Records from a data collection

'''

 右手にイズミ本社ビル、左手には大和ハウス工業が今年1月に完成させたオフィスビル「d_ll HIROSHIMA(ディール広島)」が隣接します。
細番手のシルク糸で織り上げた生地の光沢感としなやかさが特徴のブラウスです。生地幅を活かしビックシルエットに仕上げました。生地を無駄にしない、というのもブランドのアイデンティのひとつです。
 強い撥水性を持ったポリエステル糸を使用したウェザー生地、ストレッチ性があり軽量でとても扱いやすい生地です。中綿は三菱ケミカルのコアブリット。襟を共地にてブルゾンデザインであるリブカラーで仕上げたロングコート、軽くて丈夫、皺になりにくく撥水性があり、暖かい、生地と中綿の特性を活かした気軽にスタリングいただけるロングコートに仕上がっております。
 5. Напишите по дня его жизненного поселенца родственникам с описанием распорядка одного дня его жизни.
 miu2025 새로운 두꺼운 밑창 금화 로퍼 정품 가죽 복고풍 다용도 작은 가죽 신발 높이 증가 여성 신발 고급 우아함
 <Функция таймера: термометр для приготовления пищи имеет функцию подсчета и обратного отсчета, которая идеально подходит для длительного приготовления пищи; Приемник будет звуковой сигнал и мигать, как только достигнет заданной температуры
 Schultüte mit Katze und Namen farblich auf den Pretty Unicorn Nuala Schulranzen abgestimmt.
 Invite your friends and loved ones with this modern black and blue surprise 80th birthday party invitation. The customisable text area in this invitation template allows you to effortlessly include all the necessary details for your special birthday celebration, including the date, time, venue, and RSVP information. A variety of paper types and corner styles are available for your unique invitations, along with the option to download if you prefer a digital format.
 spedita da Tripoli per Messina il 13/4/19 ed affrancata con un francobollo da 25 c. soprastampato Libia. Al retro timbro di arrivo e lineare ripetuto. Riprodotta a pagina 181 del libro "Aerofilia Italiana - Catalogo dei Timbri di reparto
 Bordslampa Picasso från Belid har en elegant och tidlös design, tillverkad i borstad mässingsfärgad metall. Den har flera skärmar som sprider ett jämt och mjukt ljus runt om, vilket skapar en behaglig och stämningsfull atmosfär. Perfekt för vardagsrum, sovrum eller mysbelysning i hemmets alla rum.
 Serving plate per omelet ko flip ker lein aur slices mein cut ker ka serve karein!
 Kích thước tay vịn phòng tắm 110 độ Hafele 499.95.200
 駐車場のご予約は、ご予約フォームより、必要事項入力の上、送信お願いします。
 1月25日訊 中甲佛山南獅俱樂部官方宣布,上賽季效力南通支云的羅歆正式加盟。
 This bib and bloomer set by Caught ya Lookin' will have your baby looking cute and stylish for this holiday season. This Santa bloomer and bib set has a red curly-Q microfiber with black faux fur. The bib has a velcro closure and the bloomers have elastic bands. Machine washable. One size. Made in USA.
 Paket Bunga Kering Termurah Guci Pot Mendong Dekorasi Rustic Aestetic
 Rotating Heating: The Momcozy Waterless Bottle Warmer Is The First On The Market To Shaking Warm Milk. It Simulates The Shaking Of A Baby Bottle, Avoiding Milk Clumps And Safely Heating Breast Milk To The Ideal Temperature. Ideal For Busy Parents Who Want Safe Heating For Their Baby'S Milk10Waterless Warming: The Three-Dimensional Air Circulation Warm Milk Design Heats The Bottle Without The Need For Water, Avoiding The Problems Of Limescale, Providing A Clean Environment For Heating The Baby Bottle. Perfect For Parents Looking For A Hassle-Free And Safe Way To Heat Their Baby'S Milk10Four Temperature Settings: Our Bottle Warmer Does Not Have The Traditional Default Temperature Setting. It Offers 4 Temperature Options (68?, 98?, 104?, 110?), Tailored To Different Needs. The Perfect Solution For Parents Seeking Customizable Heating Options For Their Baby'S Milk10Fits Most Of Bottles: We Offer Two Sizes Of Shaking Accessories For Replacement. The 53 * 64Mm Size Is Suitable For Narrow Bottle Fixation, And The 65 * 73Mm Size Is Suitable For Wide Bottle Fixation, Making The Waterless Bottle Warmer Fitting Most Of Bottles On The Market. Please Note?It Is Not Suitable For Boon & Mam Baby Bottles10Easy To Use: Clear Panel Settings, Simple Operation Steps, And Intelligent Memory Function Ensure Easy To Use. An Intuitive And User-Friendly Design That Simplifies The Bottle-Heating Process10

'''

Would you print, exactly as written, every line above from the one holding "強い撥水性を持ったポリエステ" through the one holding "1月25日訊 中甲佛山南獅俱樂部官方宣布,上賽季效力南通支云的羅歆正式加盟。", with both included and no other lines?

 強い撥水性を持ったポリエステル糸を使用したウェザー生地、ストレッチ性があり軽量でとても扱いやすい生地です。中綿は三菱ケミカルのコアブリット。襟を共地にてブルゾンデザインであるリブカラーで仕上げたロングコート、軽くて丈夫、皺になりにくく撥水性があり、暖かい、生地と中綿の特性を活かした気軽にスタリングいただけるロングコートに仕上がっております。
 5. Напишите по дня его жизненного поселенца родственникам с описанием распорядка одного дня его жизни.
 miu2025 새로운 두꺼운 밑창 금화 로퍼 정품 가죽 복고풍 다용도 작은 가죽 신발 높이 증가 여성 신발 고급 우아함
 <Функция таймера: термометр для приготовления пищи имеет функцию подсчета и обратного отсчета, которая идеально подходит для длительного приготовления пищи; Приемник будет звуковой сигнал и мигать, как только достигнет заданной температуры
 Schultüte mit Katze und Namen farblich auf den Pretty Unicorn Nuala Schulranzen abgestimmt.
 Invite your friends and loved ones with this modern black and blue surprise 80th birthday party invitation. The customisable text area in this invitation template allows you to effortlessly include all the necessary details for your special birthday celebration, including the date, time, venue, and RSVP information. A variety of paper types and corner styles are available for your unique invitations, along with the option to download if you prefer a digital format.
 spedita da Tripoli per Messina il 13/4/19 ed affrancata con un francobollo da 25 c. soprastampato Libia. Al retro timbro di arrivo e lineare ripetuto. Riprodotta a pagina 181 del libro "Aerofilia Italiana - Catalogo dei Timbri di reparto
 Bordslampa Picasso från Belid har en elegant och tidlös design, tillverkad i borstad mässingsfärgad metall. Den har flera skärmar som sprider ett jämt och mjukt ljus runt om, vilket skapar en behaglig och stämningsfull atmosfär. Perfekt för vardagsrum, sovrum eller mysbelysning i hemmets alla rum.
 Serving plate per omelet ko flip ker lein aur slices mein cut ker ka serve karein!
 Kích thước tay vịn phòng tắm 110 độ Hafele 499.95.200
 駐車場のご予約は、ご予約フォームより、必要事項入力の上、送信お願いします。
 1月25日訊 中甲佛山南獅俱樂部官方宣布,上賽季效力南通支云的羅歆正式加盟。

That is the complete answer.